Le cause di queste devianze verrebbero attribuite principalmente ad una caduta verticale dei valori del nostro patrimonio culturale. O meglio, al fatto d’averli trasformati in semplice spettacolo, in vacua esibizione e in sterile presenza sui social, aspetti d’una futile estetizzazione della propria immagine pubblica.

Non vi è dubbio che questa caduta di livello abbia colpito assai più duramente la politica, il personale politico. Ci sono esempi illuminanti a conferma di questo declino, a partire dalle vacue discussioni in atto per la nuova legge urbanistica o per la geografia e le specialità dei presidi sanitari. Cartina di tornasole di un personale politico in cui, purtroppo, sembrerebbero prevalere l’incapacità e l’inettitudine non solo a decidere, ma anche a comprendere le questioni sul tappeto. Personaggi assai bravi nel questionare e nel procurarsi voti, quanto inetti nel programmare e decidere efficaci misure per lo sviluppo. Uno scadimento dovuto al fatto che si sarebbe formato un ordito fatto di soli interessi di bottega, indispensabili per conquistare consensi elettorali.

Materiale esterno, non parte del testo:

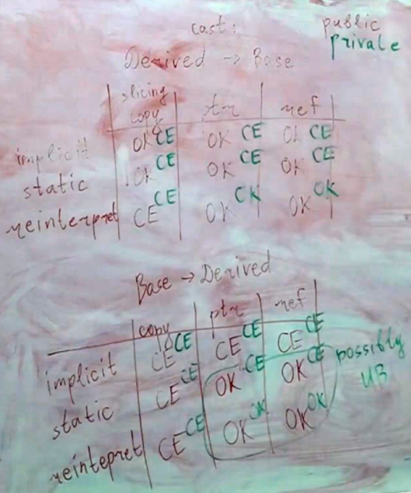 - каст вниз при виртуальном наследовании, предок полиморфный (CE, норм, UB)

Individuarne le ragioni sarebbe quindi compito urgente da affrontare, in modo da porre fine ad un declino sempre più preoccupante. Alcune riguardano la stessa composizione della società isolana. Per via dei suoi eccessi di individualismo e di frammentazioni localistiche, delle sue manifestazioni di apatia e di disinteresse verso il cambiamento, indifferente anche di fronte agli eccessi di autoreferenzialità degli esponenti politici.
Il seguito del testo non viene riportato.